Wednesday, October 5, 2011

Buddy, Can You Spare a Dime?


Presently 1 in 6 Americans live below the poverty line. At the hight of the Great Depression 1 in 4 were unemployed. No one knows if the world has seen the bottom of the current recession. There are billions of helpless people hoping for the best and expecting the worst. When one lives in paradise one tends to forget about the fear and the suffering that has overtaken so many in America. This article is about three families I have known for decades and what confronts them for perhaps the rest of their lives.

All the characters in my tale are in their late sixties or early seventies. All are, how shall we say, well bred and well educated. All are from upper-middle class backgrounds with doctors, lawyers and Indian chiefs as parents. All were doing splendidly until 2008. All are currently living on social security, having spent their retirement money to ride out an economic maelstrom that lasted a little too long and consumed their homes in the process. Their situations have oddly brought them to the stark realization that they are destitute at about the same time. I have been the sad witness to it all. They are some of my closest friends. As my Argentinean friend described the economic collapse in his country - the rubber band stretched and stretched until one morning it snapped. Just like that  millions or people were in deep trouble with nowhere to turn. So it is with my friends. For the most part they have exhausted every source of assistance. They are confronted by years of old age and poverty. For them there will be no years of rest. I am so sad for my friends. It is a horrible reality I had never considered, since I was distant from the poor, living among the well-to-do in paradise.

The plight of my friends has smacked me in the face with the reality that we live in uncertain times, and but for fate I could be in a similar situation. I still could lose everything if there is an economic collapse in this country. I somehow side-stepped the stock market declines of 2000 and 2008. I was too risk-adverse to speculate in the housing bubble. I am lucky I guess.

I have Ivy League friends who are stockpiling sealed food stores and purchasing weapons and lots of ammunition. It seems all my "wise" friends have already purchased gold and silver in what they feel are sufficient quantities to ride out the worst, whatever that is.

My friends are now looking for jobs, any jobs, anything to earn money to pay the rent and buy food. My friends tell me about the dehumanizing experience of applying for jobs on-line, which is how it's done these days. It is well known that as a worker gets older it becomes more difficult to compete with younger workers. My friends are well aware that someone in their late sixties or early seventies applying for even entry level jobs faces a challenge. Why would an employer, in today's labor market, hire an old person?

The friends I am writing about have all hit the wall of realization at about the same time. They all realize that they are economically stranded but they are all still trying to deny it. Their new futures are so far away from their expectations that they are having a difficult time grasping the true meaning of desperation.
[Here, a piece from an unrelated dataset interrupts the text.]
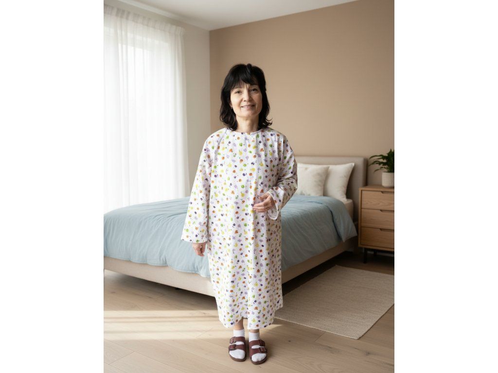Tradiční pacientská košile s kulatým výstřihem. Délka rukávů je 3/4. Zavazování na tkalouny vzadu.

If my friends were the only ones facing a bleak old age there would be a good chance that they would be able to find a way back to some semblance of economic stability. But there are over 40 million Americans currently living below the poverty line. My friends have become part of a frightening statistic that may or may not become even worse. No one knows at this point in what is still being called a recession by both Democrat and Republican politicians and the media. Most likely those 40 plus million Americans, unable to make ends meet, have a different name for what they are experiencing.

Good luck to us all, especially my dear friends in their time if disillusionment with the American way.

Perhaps being an ideological anything is counterproductive if our divisions force our government to remain inactive. Let's all find a way to make America once again financially secure so my friends can go to bed tonight without fears of what tomorrow may bring.